Corinne dug her pocket watch from her coat and gripped it in her right hand, like an anchor to her own sanity. She shut her eyes and didn’t open them until the cab reached the train station.



The Wellses were expecting Corinne on the twelve o’clock train. The cab dropped her off with only a few minutes to spare, and she ran through the station with her suitcase banging against her thighs. A few people gave her strange glances when she ran to the arrival platform. The train hadn’t come yet, and she could see her parents at the opposite end of the platform. She cursed and stepped behind a potted plant. When the train pulled in, she waited until the rush of people disembarking had flooded the station; then she wended her way through the crowd and tapped her father on the shoulder.

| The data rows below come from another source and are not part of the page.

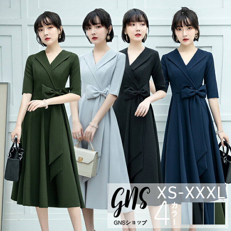 パーティードレス 結婚式 ワンピース ドレス XS SS S M L LL XL 2L 3L 三分袖 謝恩会 発表会 演奏会 同窓会 女子会 20代 40代 50代 母 着痩せ ネイビー 黒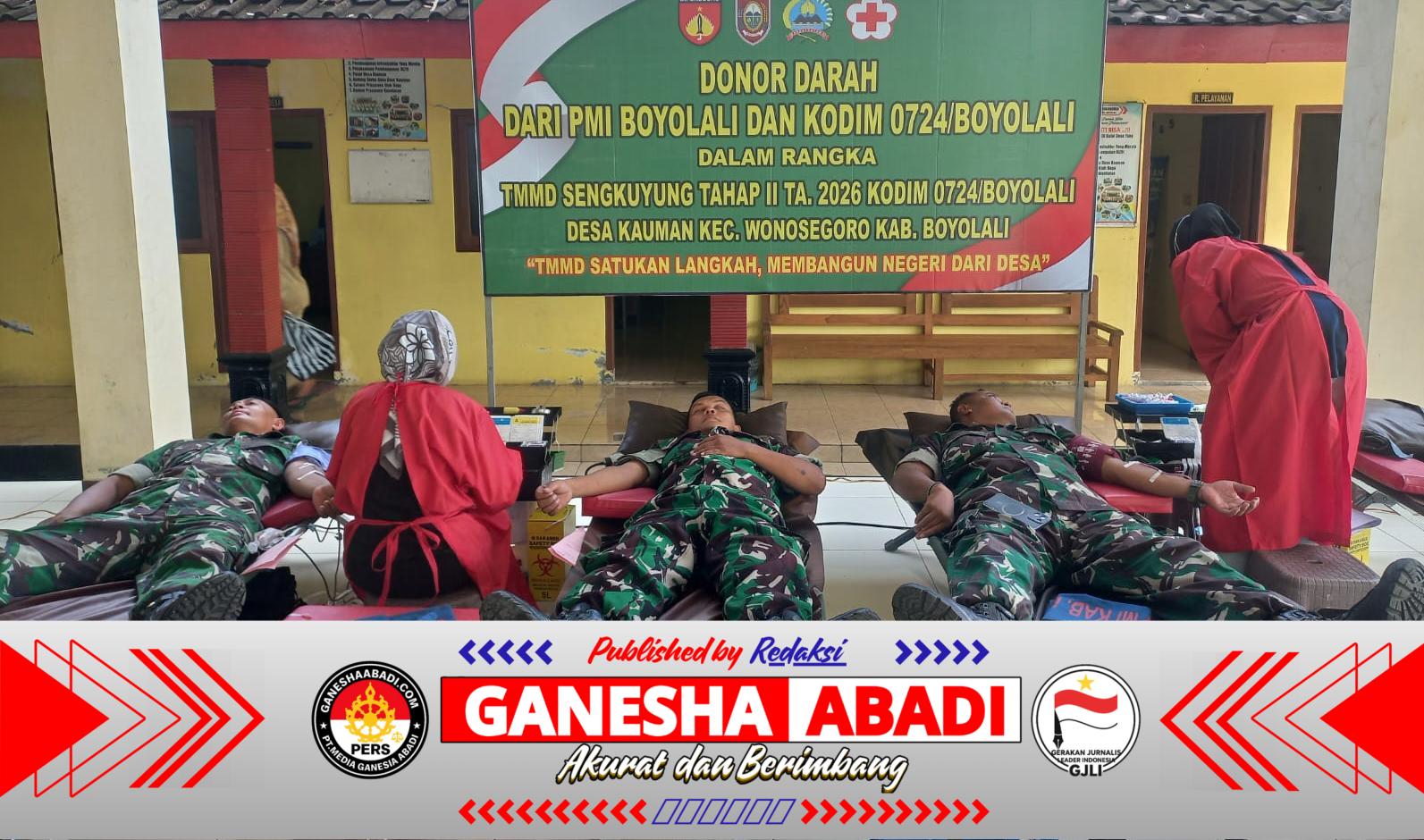 Boyolali – Semangat kepedulian dan kebersamaan kembali ditunjukkan Kodim 0724/Boyolali melalui kegiatan non fisik dalam program TMMD Sengkuyung. Bersinergi dengan PMI Kabupaten Boyolali, digelar bakti sosial donor darah yang berlangsung di Balai Desa Kauman, Kecamatan Wonosegoro, Senin (27/04/26). Kegiatan ini menjadi wujud nyata kontribusi TNI dalam membantu sesama sekaligus memperkuat kemanunggalan dengan rakyat.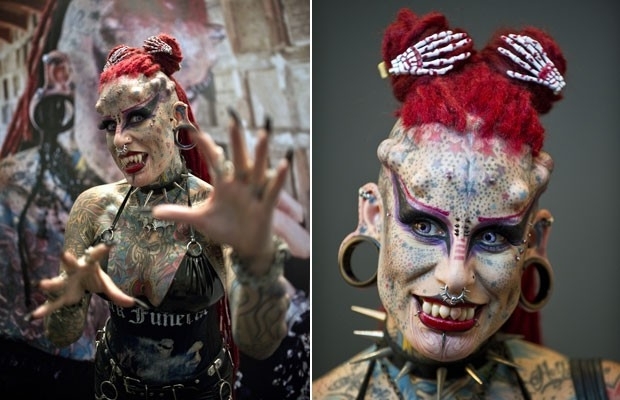 "Mulher Vampiro" exibe seus "chifres" em evento de tatuagens no México

“Corinne!” he said. “You always sneak up on us.”

“Very light feet,” she said. “Those dancing lessons at school have their practical applications.”

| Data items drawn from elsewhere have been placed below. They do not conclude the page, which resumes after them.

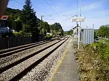 Vue en direction de Mantes-la-Jolie / Paris depuis l'ex-quai pour Vernon - Giverny. | |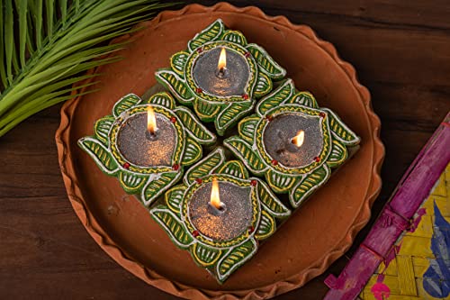 Karru Krafft Handmade Terracotta Wax Diya - Set of 4 for Pooja Decor Navaratri Diya Diwali Diya Mitti Diya Oil Diya Diwali Gifting Home Decor
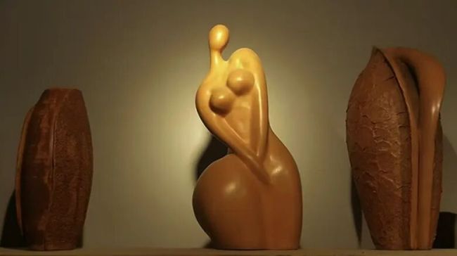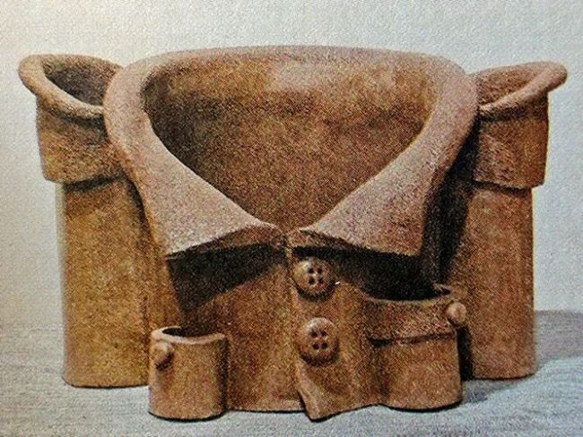 在我眼里,他烧制的那些好看的瓶瓶罐罐,当属各种花器最为有趣,有的是海贝状,有的像火焰,有的是女人的旗袍,男人的中山装,还有丰腴的美人体,都是那样夸张,好玩,有意思。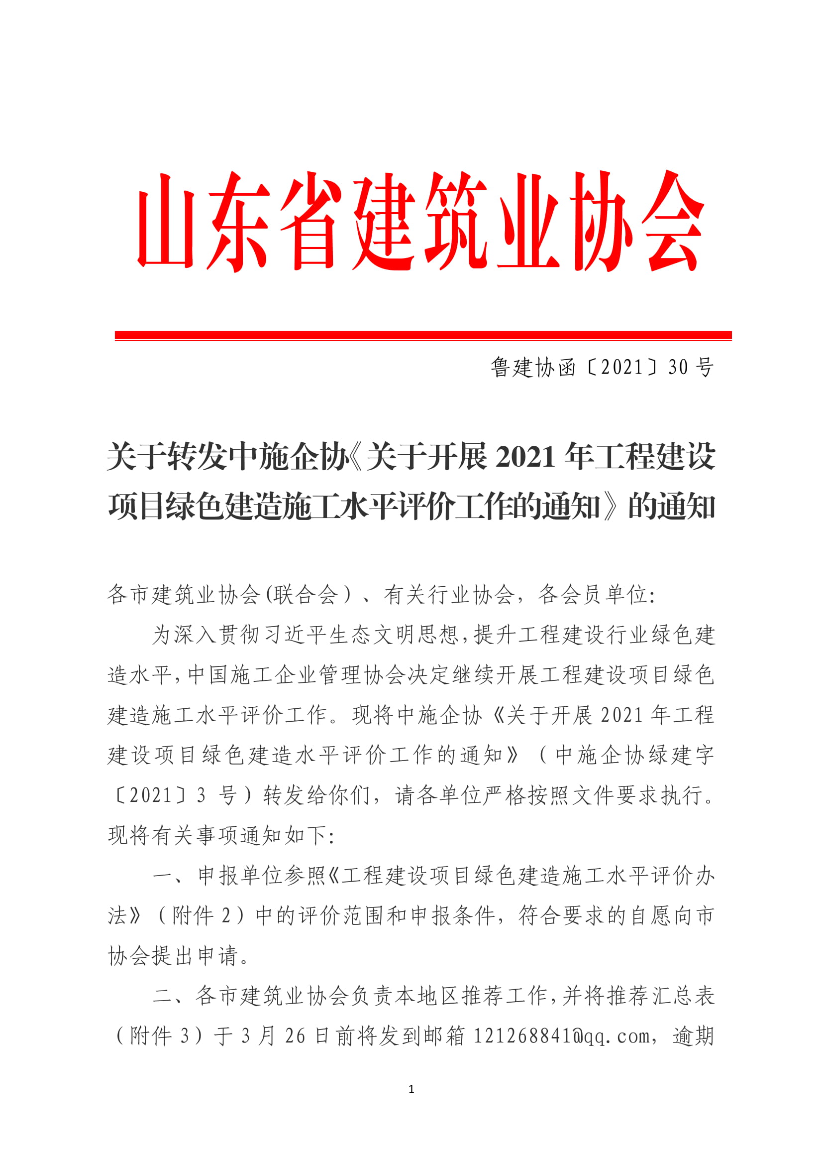 ![]() | 附件1、中施企協(xié)《關(guān)于開展2021年工程建設(shè)項目綠色建設(shè)施工水平評價工作的通知》。 |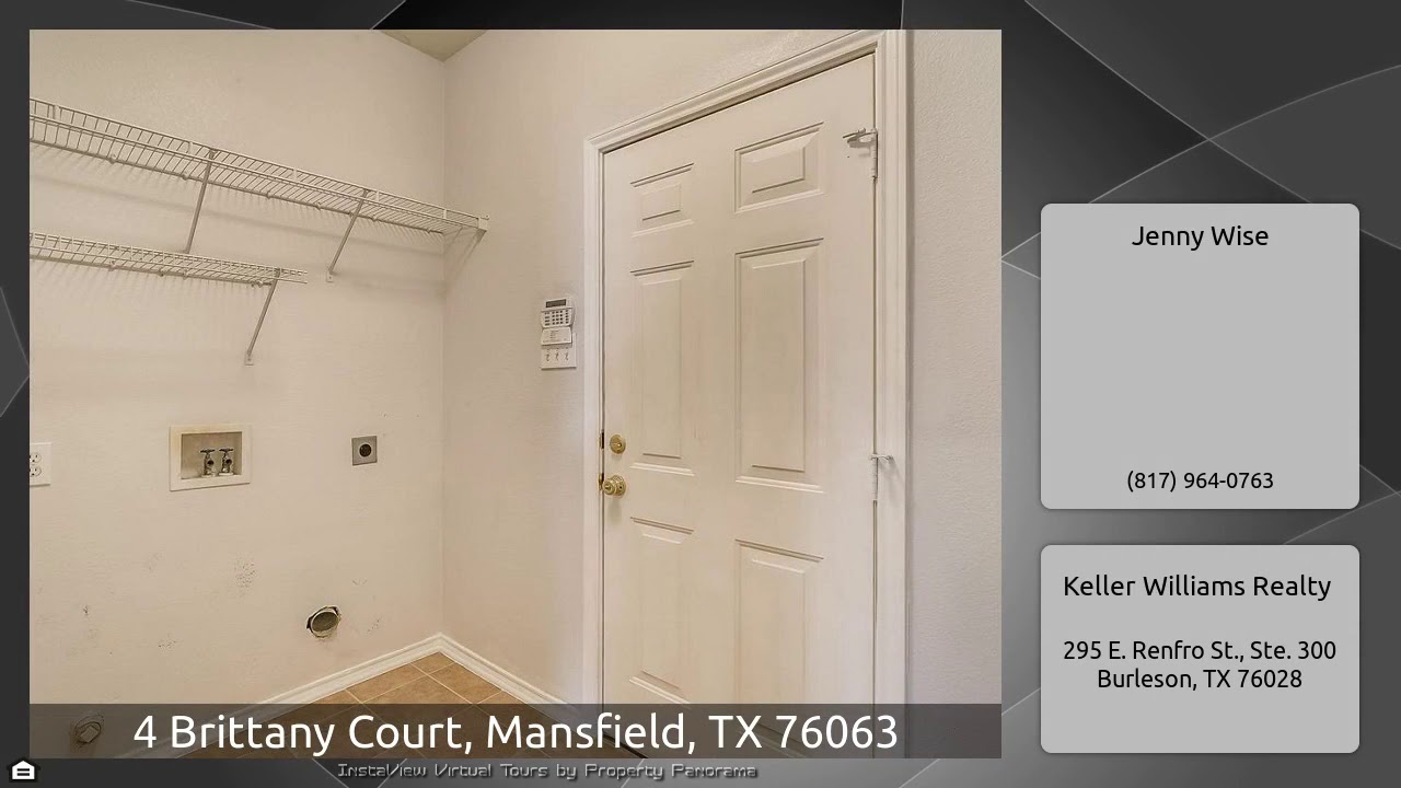 The Virtual Tour for the property at 4 Brittany Court, Mansfield, TX 76063 listed for $275,000: Other homes for sale by Jenny Wise of Keller Williams Realty: Lovely 4 bed, 2.1 bath home in the Walnut Creek Valley neighborhood. This home sits in a quiet cul-de-sac in the highly sought after Mansfield school district. Tons of features in this home including the study with french doors, formal dining, and the living room has an awesome pellet wood-burning fireplace that heats the entire house! This home also has a central vacuum system and the exterior walls all have extra insulation. The …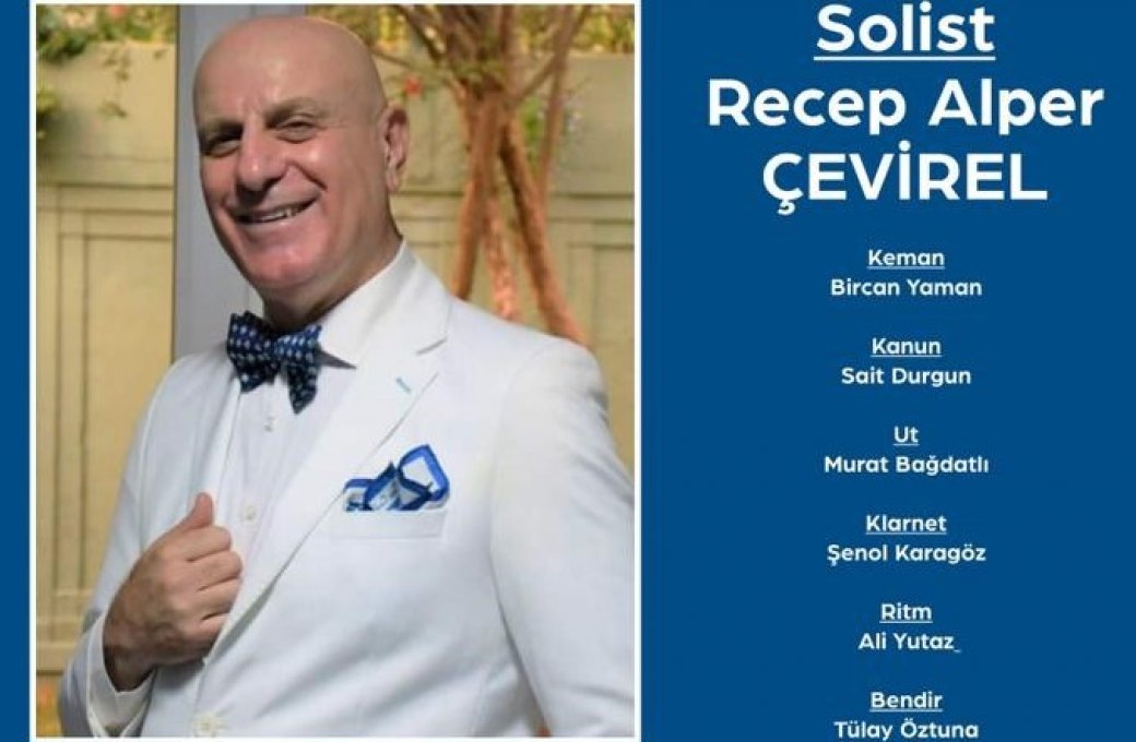 Türk Sanat Müziği’ne önemli katkıları olan Cumhurbaşkanlığı Türk Müziği Ses sanatçısı Recep Alper ÇEVİREL ve orkestrası tarafından Türk Müziği Konseri verilecektir.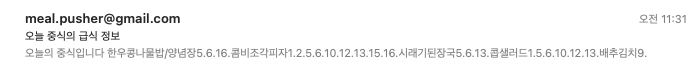 가장 비용 없이 운영할 수 있는 방법을 생각한게 Github Actions의 스케줄을 통해 특정 시간에 급식정보를 메일로 알려주는 방식이었습니다.

She dearly hoped her parents would never call on her to display her so-called skills, which the headmistress of Billings detailed in quarterly letters to the Wellses. Corinne embraced them each in turn. Her mother asked about the Latin competition, and Corinne gave purposely vague answers to all her questions, until finally her mother gave up and started telling her excitedly about some fete that had gone better than anyone expected. Corinne tried to listen, but she couldn’t stop thinking about the two men outside the club, why they looked so familiar, and Ada’s insistence that the Hemopath Protection Agency wouldn’t trust the bulls to deal with the Cast Iron. The HPA had been formed by special appointment from the mayor less than a week after hemopathy had been declared illegal. Supposedly the agency’s purpose was to ease the integration of hemopaths into society through mandatory registration, but in the past six months, it had become obvious that the HPA was more interested in sweeping hemopaths off the streets for any imagined offense than in helping them integrate into society. Corinne had never come face-to-face with any agents, but if tales were true, they were ruthlessly efficient and handpicked for their heightened resistance to hemopathy.